In 2015, Congress passed many bills that incurred statutory changes and those changes are summarized within these final regulations. The bills did contain provisions affecting certain things that aren’t related to or affected by the main bill. The two bills that did so were “Surface Transportation and Veterans Health Care Choice Improvement Act of 2015” and “Protecting the Americans from Tax Hikes Act of 2015”.

If there is a case when a filing due date (for regular taxes) falls on a non-business day (such as a Sunday, Saturday or a Public Holiday) the due date is postponed to the next business day. 2016 saw an adjustment in many of the due dates for filing because of this rule. These dates include:

  1. Individual and FBAR Due Date
  2. Form 1041 Due Date
  3. Partnership Extended Due Date
  4. Form 1041 Extended Due Date
  5. C Corporation Due Date

Tax Returns for 2017 that are to be Reported in 2018

W-2 Forms, submitted either electronically or by mail, are due by January 31st.

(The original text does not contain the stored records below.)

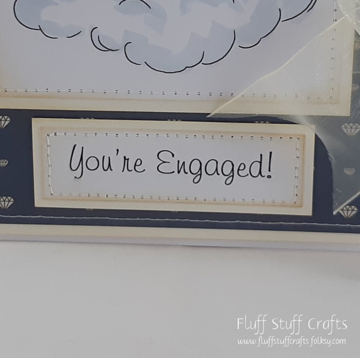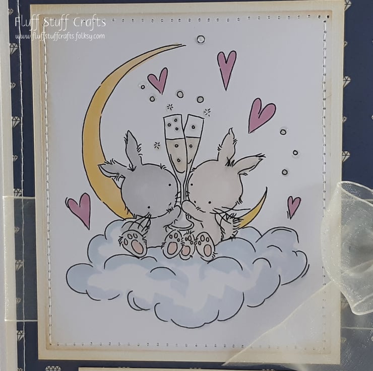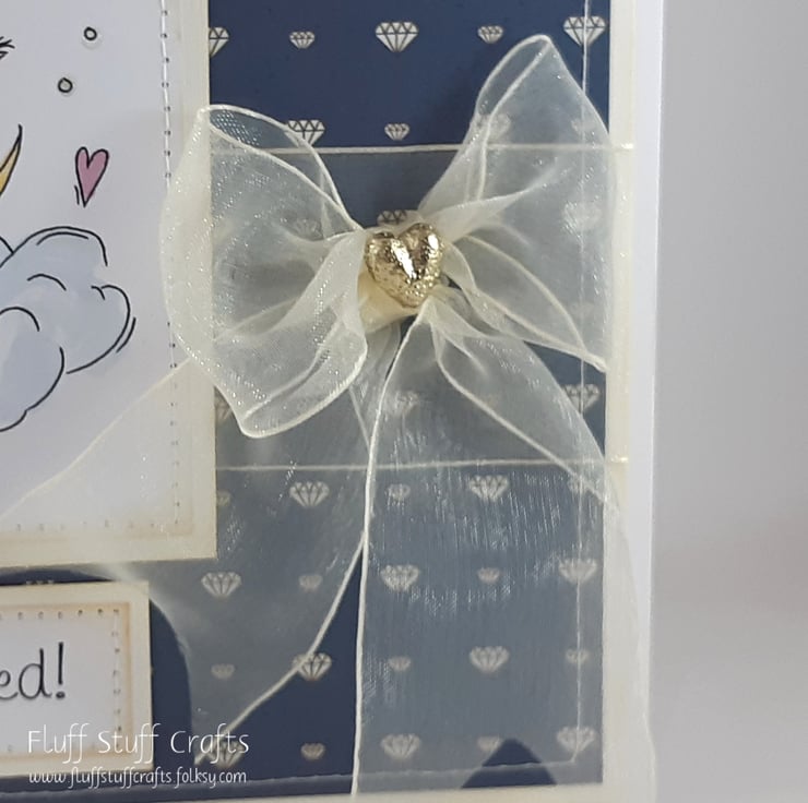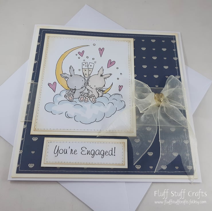 Square engagement card featuring a cute image of two bunnies, celebrating on a cloud, with glasses of champagne. The image has been edged with distress ink and then stitched onto cream card, as has the sentiment 'You're Engaged!'. The background is dark blue with a pattern of diamonds, also stitched onto cream card. The card is embellished with cream organza ribbon and bow with a small gold heart at the centre.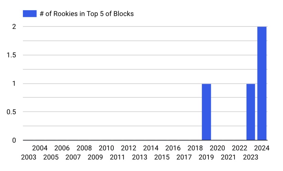 The idea of a rookie ranking in the top 5 of blocks is not completely foreign. Mitchell Robinson accomplished the feat in 2018–19. Clearly this is not a common occurrence.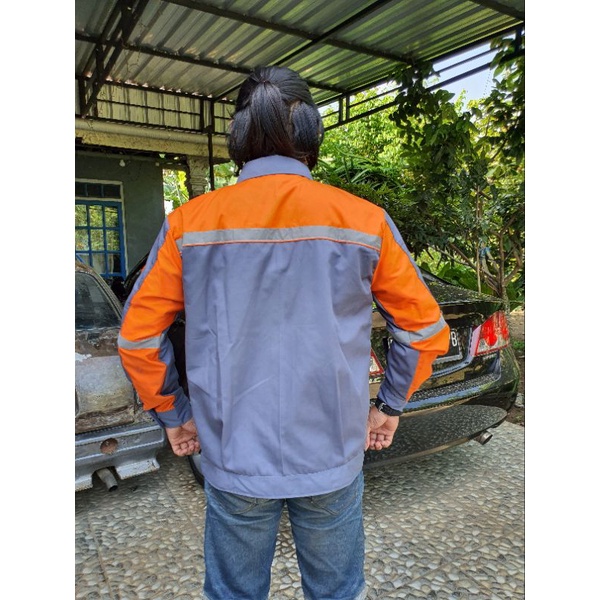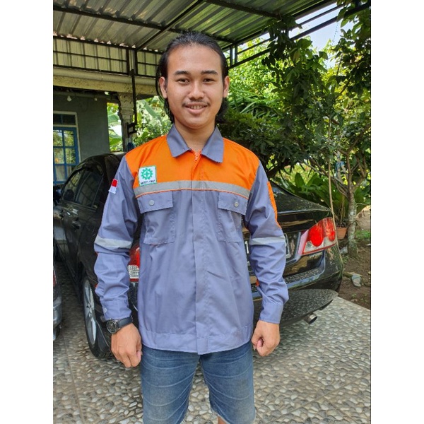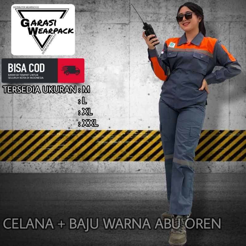 Baju dan Celana stelan/ pakaian kerja/ Proyek / Safety First/ K3/ abu oren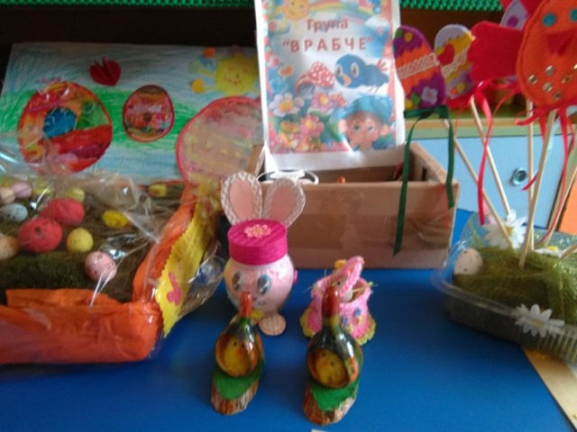 Празнично великденско настроение обхвана децата от група „Врабче” още от първите дни на месец април. Намерили вдъхновение от наближаващия най-голям християнски празник, децата рисуваха, апликираха, изработиха поставки за яйца, кошнички, зайчета, пиленца и още много изделия, с които да участват в организирания Великденски базар.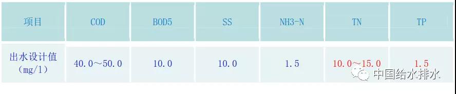 改造后二級(jí)出水設(shè)計(jì)水質(zhì)

Partnership businesses are supposed to fill out Form 1065 and S Corporations are supposed to submit Form 1120S. Both of these are due on the 15th of March. The deadlines for these can be extended up until September 17th.

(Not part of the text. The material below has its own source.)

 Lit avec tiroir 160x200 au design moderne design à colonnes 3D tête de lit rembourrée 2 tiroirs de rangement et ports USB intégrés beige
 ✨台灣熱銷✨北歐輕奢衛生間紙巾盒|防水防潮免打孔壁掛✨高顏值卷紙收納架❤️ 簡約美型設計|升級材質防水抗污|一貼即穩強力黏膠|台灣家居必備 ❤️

Trusts and estates must submit Form 1041. And, Form 1120, which has to be submitted by C Corporations, must be submitted by the 17th of April. These can be extended up until the 1st of October and the 15th of October, respectively.

Tax exempt organizations are due to submit the Form 990 Series by the 15th of May. The extended due date for this form is the 15th of November.

The Form 5500 Series, which is supposed to be submitted for the Employee Benefit Plan, is due on the 31st of July, with the extended due date being November 15th.

For the corporations and businesses that file according to Fiscal Years, the following is accurate.

 Filer Type

Due Date (Counted after End of Fiscal or Plan Year)

S Corporations and Partnerships

The Fifteenth Day Of the Third Month

C Corporations

The Fifteenth Day of the Fourth Month

Employee Benefit Plan

Last Day Of The Seven Month

It is important to check the due dates for tax returns in the states that are relevant to you because, sometimes, the due date set by individual states may differ from the federal due dates for filing.

Changes That You Should Be Aware Of

1. Form 1065 Filers (Partnerships) are getting a longer extension period, which can be up to 6 months. Previously, they were able to have a 5 month extension.

2. Form 1041 Filers (Trusts and Estates) have a maximum extension of 5 ½ months, granting them a two week longer limit of extensions compared to the limit for previous rules.

3. The Report regarding Employee Benefit Plans will be getting an automatic extension to a maximum of 3 ½ months.

4. Reporting of Data on Financial and Foreign Bank Accounts will have the same due date as Individual Form 1040, with an extension of up to 6 months. The convenience provided by this change is the alignment of the Individual and FBAR filing. Moreover, the penalty for failure to file a request for an extension in time can be waived by the IRS.

5. The automatic extension for those who are filing the 990 Series (i.e. Tax Exempt Organizations) will be getting a longer extension, which will be 6 months rather than the former 3 month automatic extension.